Commenting further on the adjective “compelling” in the Regulations, at [37], Crennan J said:
“The ordinary meaning of the adjective ‘compelling’ is not confined to the meanings used by the Tribunal when it construed the legislative expression. The legislative expression is wide and unqualified. ‘Compelling’ in its wide, ordinary meaning means ‘forceful’.”
“Need” was considered in Dimic v Djekovic (2014) NSWSC 1502, per Hallen J, at [111] as follows: "Need", of course, is also a relative concept: de Angelis v de Angelis [2003] VSC 432, per Dodds-Streeton J, at [45]. It is different from " want ". The latent difference between the words was stated by Lord Neuberger of Abbotsbury (now President of the Supreme Court of the United Kingdom), in the House of Lords decision, R (on the application of M) v Slough Borough Council [2008] UKHL 52; [2008] 1 WLR 1808, at [54]:
"'Need' is a more flexible word than it might first appear. 'In need of' plainly means more than merely ' want ', but it falls far short of 'cannot survive without'."
‘Need’ and ‘ want ’ are not interchangeable. The difference between ‘need ’ and ‘ want ’ is significant. See Boettcher v Driscoll (2014) SASC 86 at [41] per David J.
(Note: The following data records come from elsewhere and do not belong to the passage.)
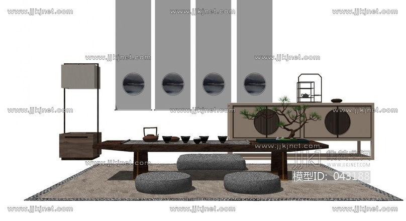 33-新中式泡茶桌椅桌椅挂画玄关柜摆台组合 su草图模型下载 [模型ID:43188]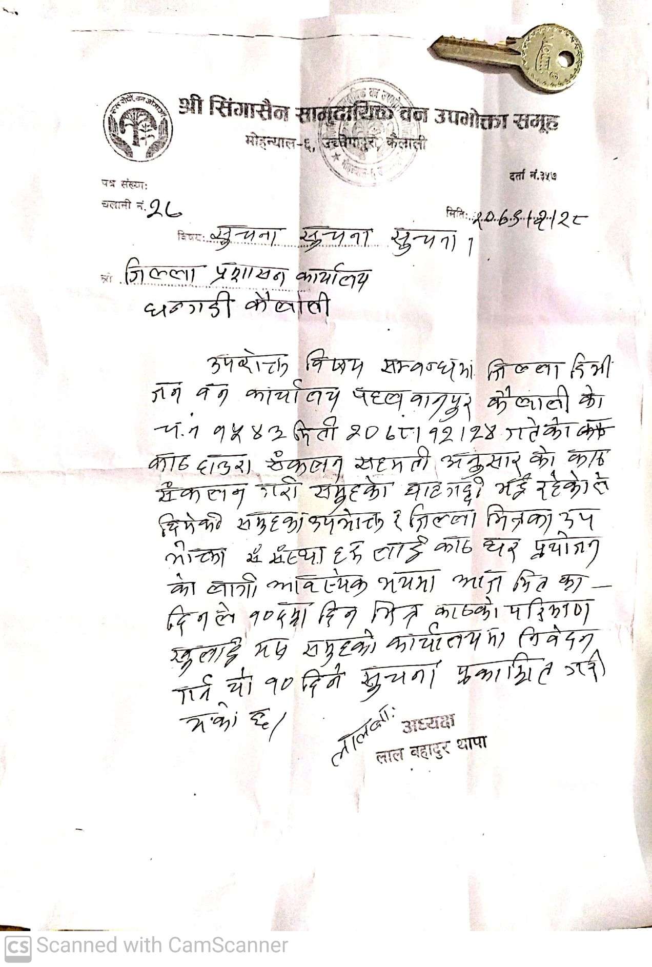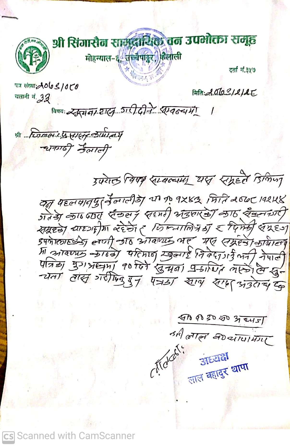श्री कर्णाली सामुदायिक वन उपभोक्ता समूह, मोहन्याल कैलालीको सूचना ।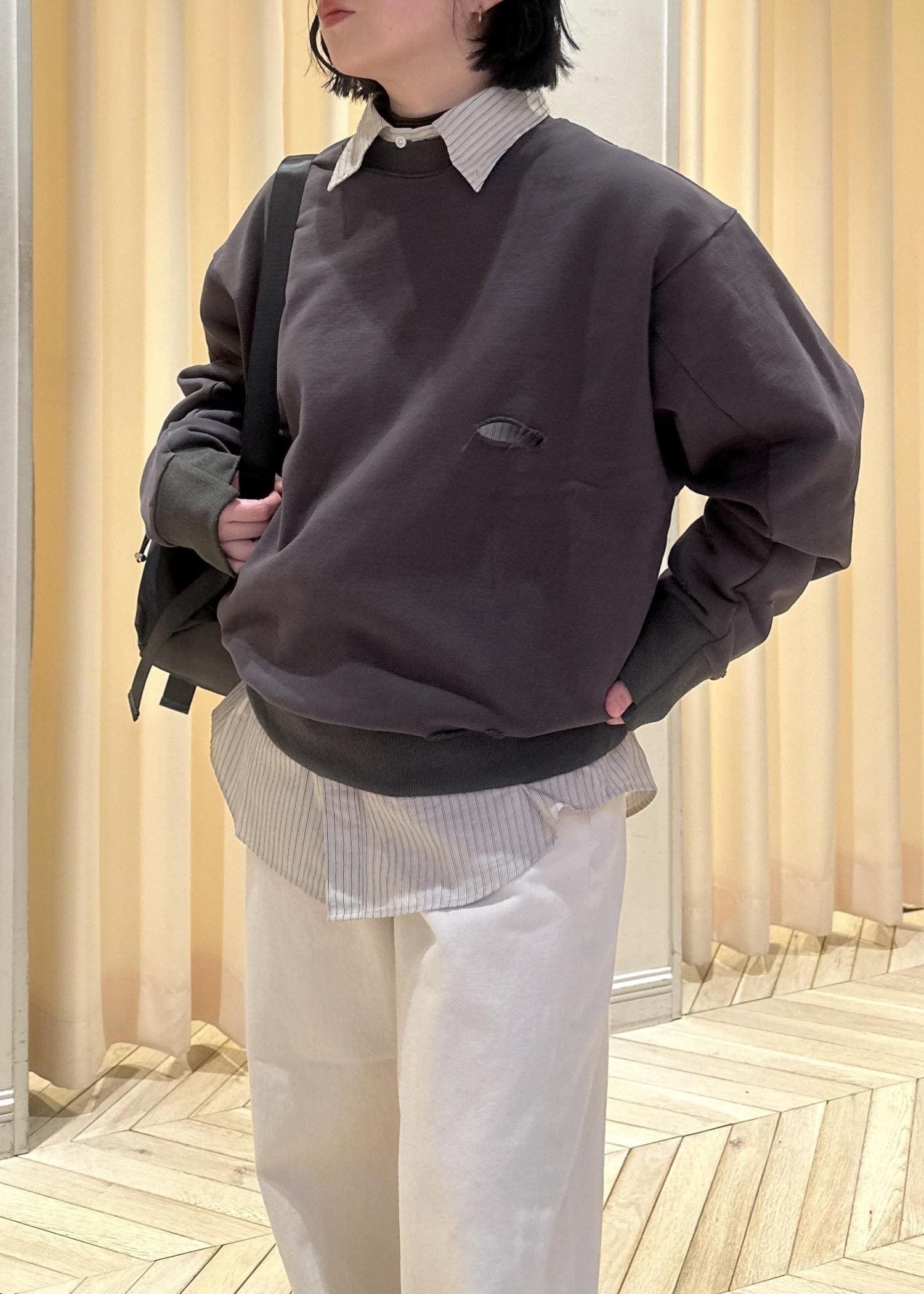 程良く肉厚なスウェットですが、ダメージ加工によりシアー感がプラスされていて長い季節で活躍します。 -

Having regard to these authorities, I take the phrase “compelling need“ to have the ordinary meaning of the words, compelling, demanding attention or demanding interest or being forceful, and need requiring something more than a mere want, but falling far short of requiring the applicant to demonstrate necessity in the sense that he cannot survive without it.
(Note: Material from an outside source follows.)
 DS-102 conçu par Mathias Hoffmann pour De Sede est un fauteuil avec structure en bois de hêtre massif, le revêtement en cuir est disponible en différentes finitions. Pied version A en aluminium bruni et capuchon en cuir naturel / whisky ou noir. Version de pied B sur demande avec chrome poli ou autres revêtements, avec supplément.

The Tribunal accepts that the applicant arrived in Australia with a purpose of studying and in accordance with this purpose enrolled in and commenced studying ELICOS and IT courses. The applicant then changed his focus to cookery and commenced studying Certificate III in Commercial Cooking in 2017.
However, the Tribunal considers that the applicant’s purpose ceased to be studying in mid-2017 noting that he left Australia for a period of 2 months and he did not re-engage in study upon his return. His enrolment was cancelled in November 2017. Since that time he remained in Australia on a student visa but has not studied and was not enrolled in a registered course of study for a period of approximately 11 months. The Tribunal considers this is a substantial period of time.
The Tribunal accepts that if the applicant‘s visa was not cancelled he would return to study and complete the commercial cooking course. However, his intention to resume studying must be tempered by the extent of the breach and his lack of academic progress in Australia. The applicant has been in Australia since 2016 but has provided no evidence of any academic progress in that time. His own evidence is that he passed one subject in IT and then completed 60% of Certificate III in Commercial Cookery so he has failed to complete any courses in Australia. The Tribunal does not consider this is satisfactory academic progress in light of the time the applicant has been in Australia. Accordingly, this factor weighs towards cancelling the applicant’s visa.
Having regard to the applicant’s evidence, the Tribunal does not consider the applicant has demonstrated a compelling need to travel and stay in Australia.
The extent of compliance with visa conditions.
The applicant confirmed that he was not enrolled in a registered course of study from 16 November 2017 until the cancellation of his student visa on 1 November 2018, a period of approximately 11 months. This is a substantial period of time. The non-compliance with condition 8202(2) for a substantial period of time weighs in favour of cancelling of the visa unless the Tribunal accepts the reasons for non-enrolment.
In addition to the failure to enrol for a substantial period of time, the Tribunal also has regard to the fact that during this period of non-enrolment the applicant does not appear to have attempted to resolve the situation by taking meaningful steps to re-engage with study.
In his evidence, the applicant stated reasons for his non enrolment as a combination of factors being difficulties with English, financial issues and depression on account of his grandfather’s medical condition that required him to leave the country.
The applicant stated his family suffered some financial losses resulting in him not receiving the level of financial support he had anticipated. The applicant appears to have dealt with this issue by changing his enrolment from IT to cooking. The Tribunal notes that the applicant did enrol in the cooking courses and commence studying those courses and the cancellation of his enrolment was due to non – attendance rather than any financial reason. He stated that lack of finance prevented him returning to study but provided no evidence of this and, on any view, any attempt he made to return to study did not occur until he had been in breach of the student visa for a considerable period of time. Accordingly, the Tribunal does not consider that financial issues contributed to the applicant’s failure to maintain his enrolment.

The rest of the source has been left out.